> **RAW DATA**:
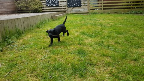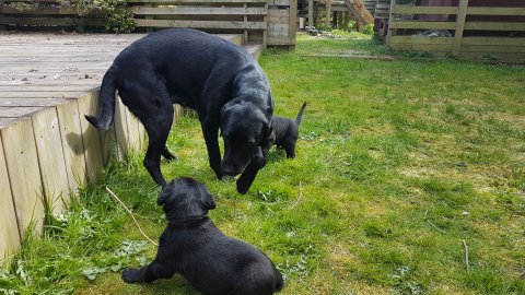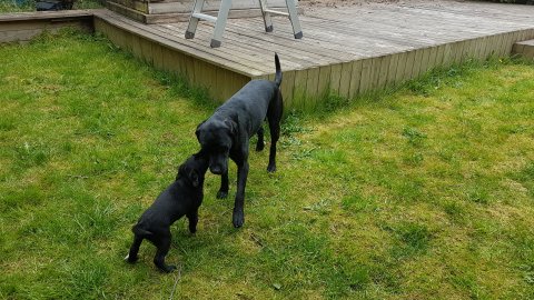 Nata er begyndt være lidt mere sammen med resten af familien hvilket hun nyder, men hun vil også rigtig gerne være sammen med hendes hvalpe.
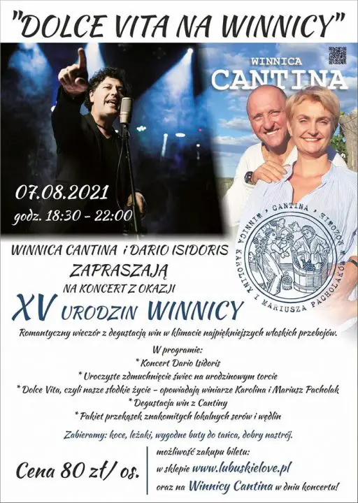 W najbliższa sobotę, 7 sierpnia, z okazji 15-lecia Winnicy Cantina w Mozowie koło Sulechowa odbędzie się koncert „Dolce Vita na Winnicy”. Szykuje się rewelacyjna impreza.
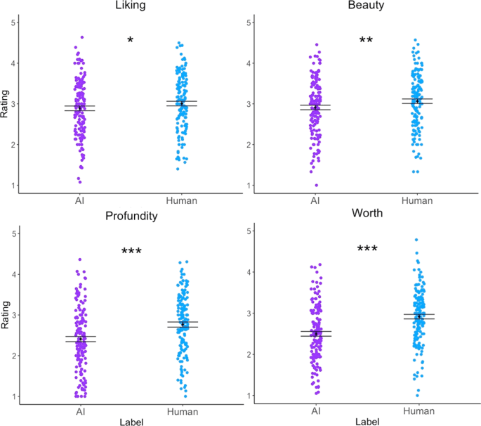 In this image, people are rating AI art vs Human art and I wanted to see if this would transfer over to music generated by AI as well. (From the study found at https://cognitiveresearchjournal.springeropen.com/articles/10.1186/s41235-023-00499-6 )

> **AIM OF THE TASK**: Only the pictures in the listing above get left out; print everything else exactly.

> **RESPONSE TO THIS TASK**:
 Nata er begyndt være lidt mere sammen med resten af familien hvilket hun nyder, men hun vil også rigtig gerne være sammen med hendes hvalpe.
 W najbliższa sobotę, 7 sierpnia, z okazji 15-lecia Winnicy Cantina w Mozowie koło Sulechowa odbędzie się koncert „Dolce Vita na Winnicy”. Szykuje się rewelacyjna impreza.
 In this image, people are rating AI art vs Human art and I wanted to see if this would transfer over to music generated by AI as well. (From the study found at https://cognitiveresearchjournal.springeropen.com/articles/10.1186/s41235-023-00499-6 )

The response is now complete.